A_RawData.m

% A: Raw data handling and preparation


%% --- 1. BASIC PARAMETERS FOR RAWDATA PROCESSING ---

directory = input('Directory where raw data is stored: ','s');

%Define Scanner Serials: SCANNER 1 = UPRIVER, SCANNER 2 = DOWNRIVER
%RANDA: 11160041 Spreitgraben:13210487 (upriver as of 2014)
%RANDA: 11160042 Spreitgraben:12210590 (downriver as of 2014)
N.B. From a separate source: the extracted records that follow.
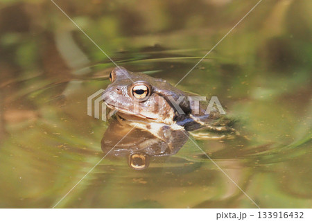 池の畔、濁った水面からオンブするヒキガエルの夫婦が顔だけ出す早春ののどかな里山風景。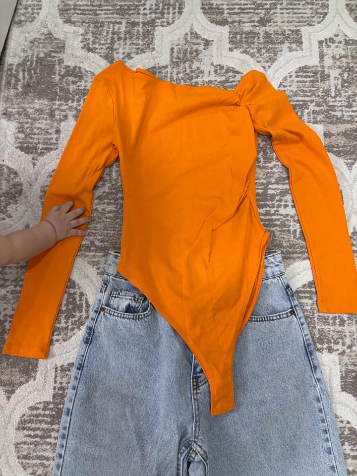 Боди Zara оранжевого цвета, одно плечо открытое Не ношен, без бирок Оригинал Артикул: 538814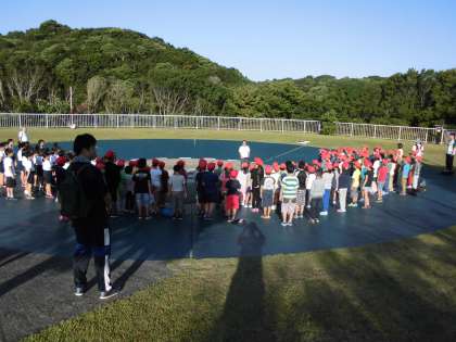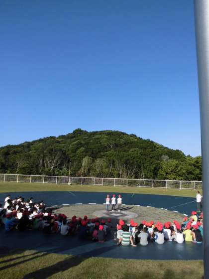 朝起きてすぐに寝具の片づけをすると,合同朝の集いです。みさきの家でともに活動する醍醐西小学校,紫竹小学校と合同で朝の集いを行いました。

sc1 = input('Serial number of upriver scanner: '); 
sc2 = input('Serial number of downriver scanner: '); 

%% --- 2. READ RAWDATA ---

% Define the follwoing inputs: Filename and path (for later saving), angle
% width (centered around 90deg), Start and End file number, scan intervals
% and whether reflectance values should be read from the file or not.
name=input('Define filename:','s');
path=input('Define path to save file:','s');
awidth=input('Define angle width: ');
sf=input('Define start file number: ');
ef=input('Define end file number: ');
angleres=input('Define the scan steps (0.5 or 0.3333 degrees): ');
withrefl=input('Type 1 to include RSSI values, 0 otherwise: ');
mindist=input('Define threshold distance (mm): ');

%use function READLMSOLD [angle dist refl scan] = ReadLMSFiles(directory,
%angleresolution, with_reflection, ScannerSerials, AvgLines,MinDist,
%AngleWidth,FileNoFromTo)
[angle, dist, refl, scan] = ReadLMSFilesOld(directory, angleres, withrefl,...
    [sc1, sc2], 1, mindist, awidth,[sf ef]);

% Divide the measurements from the two scanners...
scrge{1} = find(scan(:,2) == sc1);
scrge{2} = find(scan(:,2) == sc2);

% ... and then mirror the data from the lower scanner. This is necessary
% because the lower scanner is mountend in the opposite way. 
dist(scrge{2},:) = dist(scrge{2},end:-1:1);
refl(scrge{2},:) = refl(scrge{2},end:-1:1);

% Save the extracted raw data into a variable
save(strcat(path,'/',name),'angle','dist','refl','scan','sc1','sc2','scrge')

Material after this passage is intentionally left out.